Fig is a Lingon word meaning 'mind'... though the meaning is a bit more complex than what we as humans can understand. The Fig element is the element of the mind, and of imagination. Souls by themselves are merely mindless essences of being; they exist but are not aware of it because they have nothing with which to process information from the environment. Minds are 'operating systems' for souls, of sorts.

People of the Fig element are exceptionally rare. They have unusual mental skills such as psychic powers, though their minds can often be on a level 'beyond genius', such that they work on a completely different wavelength to others and seem 'insane'.
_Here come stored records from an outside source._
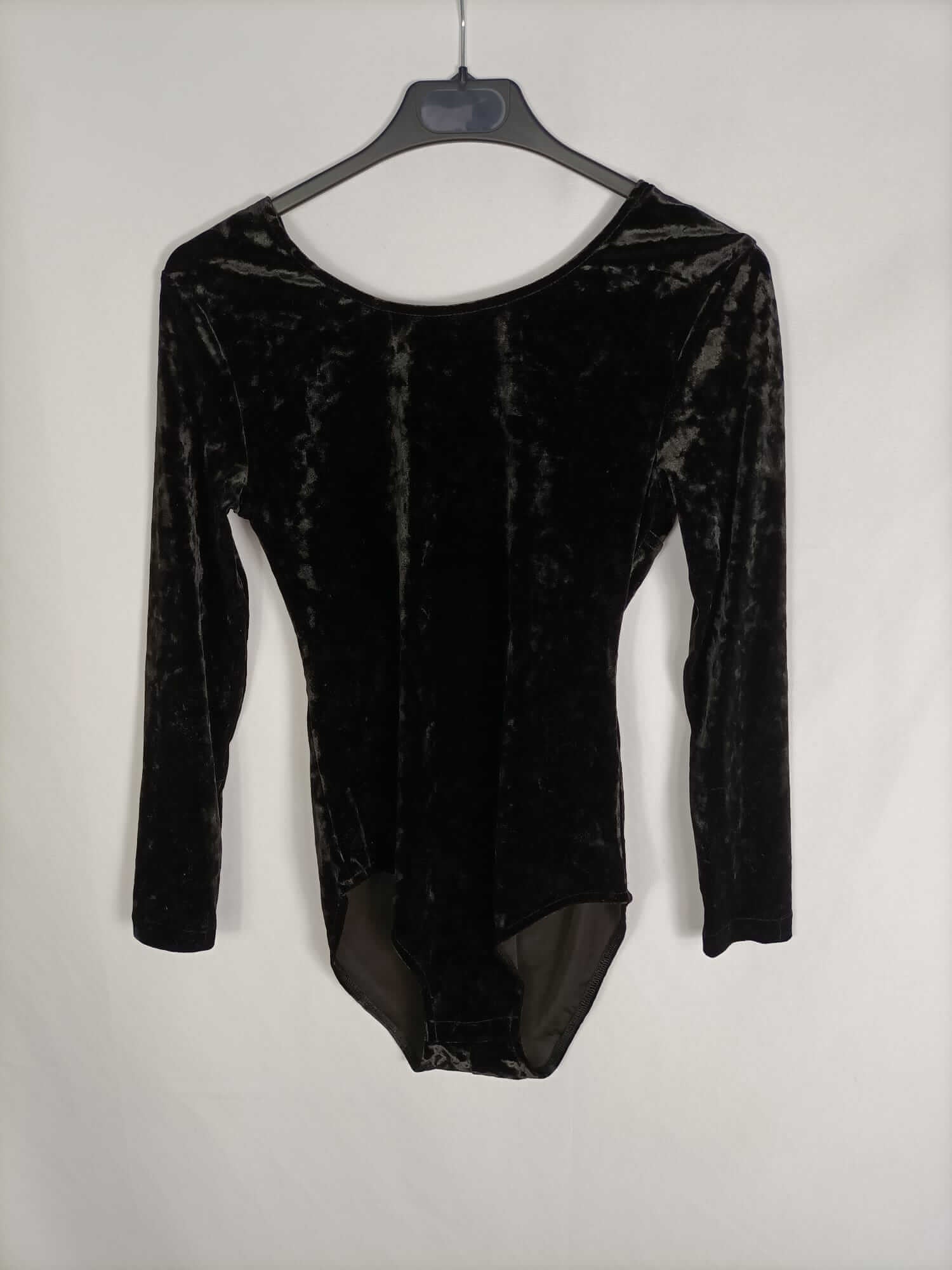 Mus&bombon. S. Body negro de terciopelo elástico con la espalda baja. Largo 61 cm
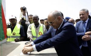 أشرف معالي وزير التجهيز والنقل الناطق باسم الحكومة السيد الناني ولد أشروقه اليوم الثلاثاء في نواكشوط على حفل نظمته سلطة تنظيم النقل بمناسبة وضعها حجر أساس لإنشاء أربع محطات طرقية وخمسة مراكز لوزن الشاحنات.
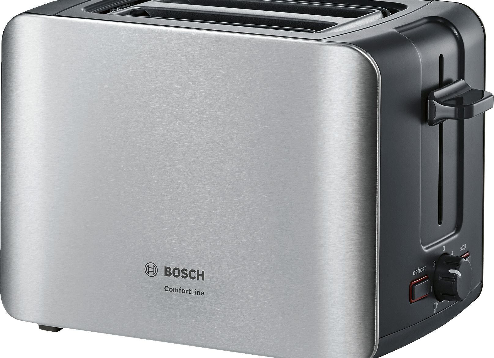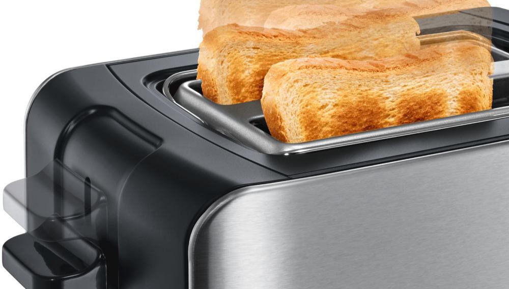 Тостер Bosch TAT6A913 — компактная модель из нержавеющей стали. Автоматическое центрирование тостов и функция разморозки делают использование удобным. Высокий подъем решетки в слотах помогает извлекать небольшие ломтики хлеба.
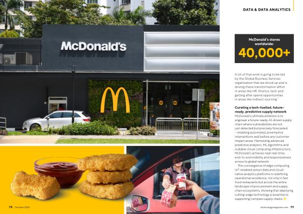 Curating a tech-fuelled, futureready, predictive supply network McDonald’ s ultimate ambition is to engineer a future-ready, AI-driven supply chain where vulnerabilities are not just detected but precisely forecasted – enabling automated, preemptive interventions well before any customer impact arises. Harnessing advanced predictive analytics, ML algorithms and scalable cloud computing infrastructure, McDonald’ s achieves near real-time, end-to-end visibility and responsiveness across its global network.
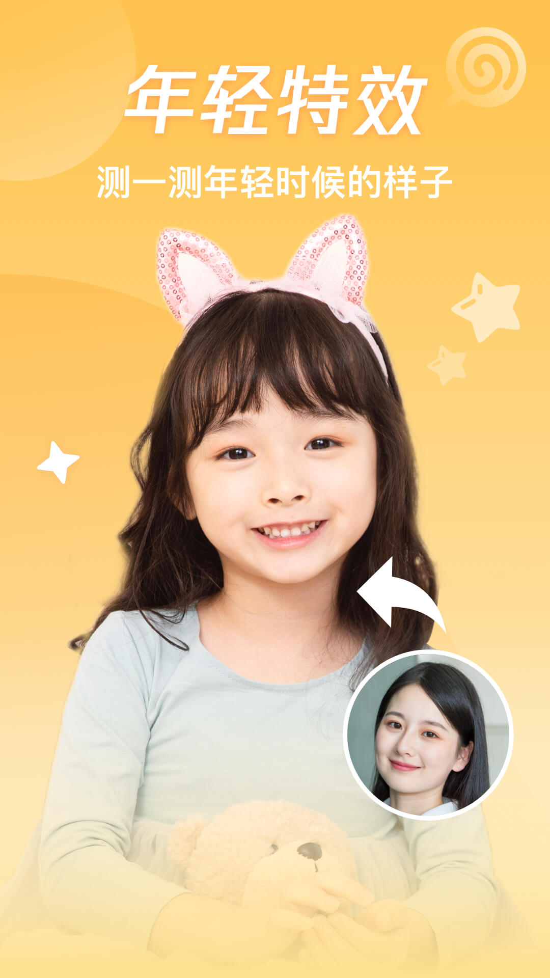 【变年轻】通过智能算法还原年轻面容,轻轻一点即可回到童年时光,重温青涩岁月的美好记忆。
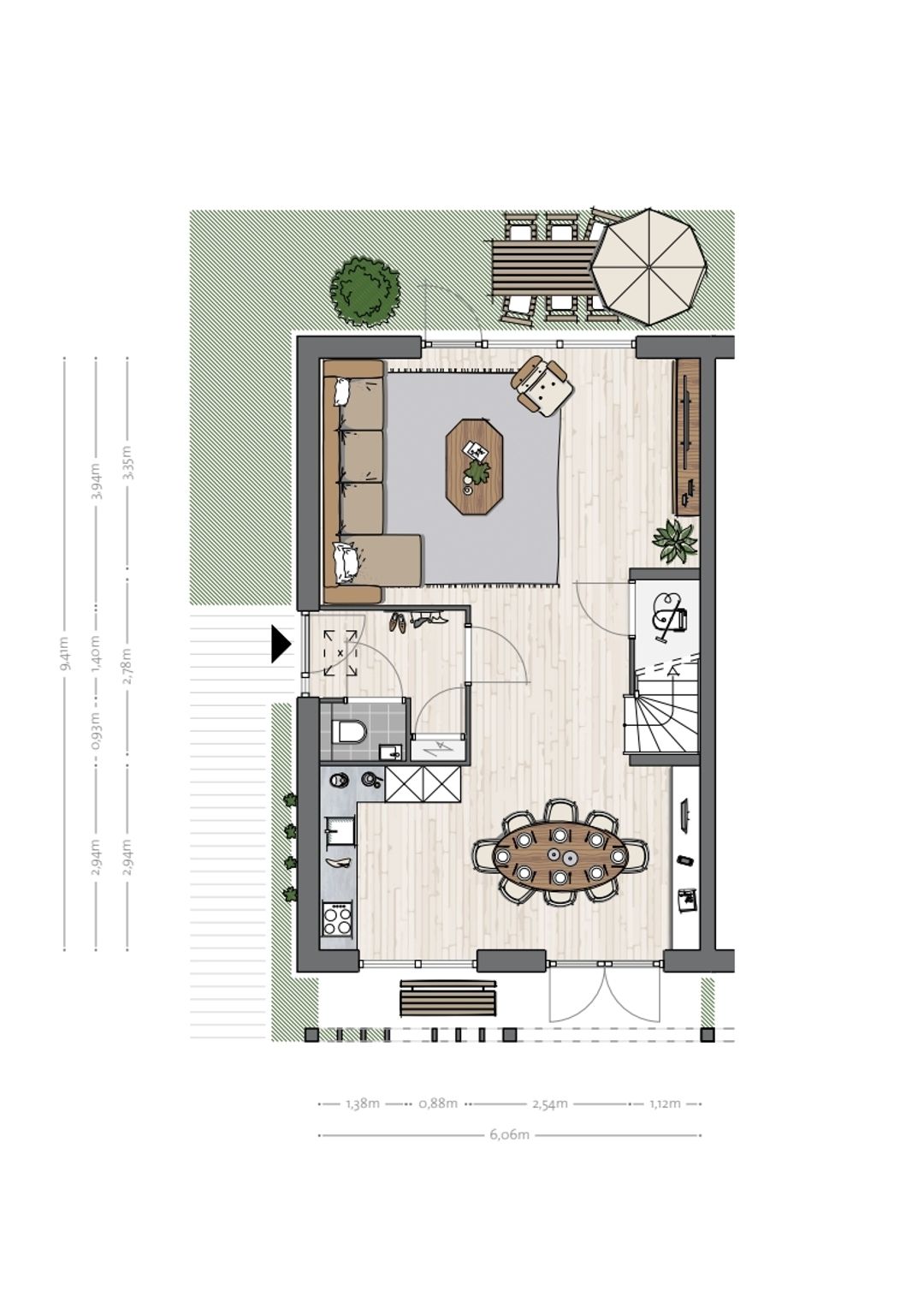 Via de entree aan de zijkant stap je binnen in de hal met toilet, meterkast en deur naar de woonkamer. Daar bereik je het open woongedeelte waar koken, eten en wonen gezellig met elkaar in verbinding staan. Ook vind je hier de trap naar boven. Aan de voorkant van de woonkamer is de keuken en aan de achterkant vind je de zithoek met riante raampartijen en de openslaande deur naar de tuin. Nog meer leefruimte creëren? Dat kan met een uitbouw richting de tuin of bij de entree, waardoor ruimte ontstaat voor een extra zithoek. Achter in de tuin is er een houten berging voor bijvoorbeeld de fietsen. De auto(‘s) parkeer je op 1 van de 2 privéparkeerplaatsen op eigen terrein, en toch mooi uit het zicht.

Aether and Fig do not have any sort of weakness or strength against each other. However, almost every Aether-elemental monster in MARDEK has a corresponding Fig weakness, and vice versa (also, Carpioneiros is weak to both Aether and Fig, even though it is Fig-elemental.) The two exceptions to the rule, the Master Stone and Annihilator:Karnos, also happen to be the only two monsters that can change elements at will. Even so, the Master Stone still has a Fig weakness when it is Aether-elemental. This is likely done to make battles more manageable, as a means of 'nerfing' otherwise-powerful monsters, however, there are still very few ways to attack with either of those elements.



Fig first officially appeared in Deliverance. It was not named at the time, but it appeared as a purple sphere on party members' and monsters' stat sheets.


Fig appeared in a similar manner in the first two chapters of MARDEK as it did in Deliverance: its glyph appeared on party members' and monsters' stat sheets, but it only made its 'proper' appearance in chapter 3.

Currently, the only way to inflict Fig damage in MARDEK is to use Legion's Gemsplosion with a Candriathope equipped. Because of the abundance of Aether monsters in MARDEK chapter 3, most of which having Fig weaknesses, this attack can be considered a game breaker. However, the rarity of Candriathopes, along with the assortment of good items that are crafted from them limits its usage somewhat. Fig attacks in general are quite devastating; the lack of resistances to Fig allows the full brunt of the attack to go through where most cannot, and Fig has a tendency to be associated with Confusion, a very crippling status effect.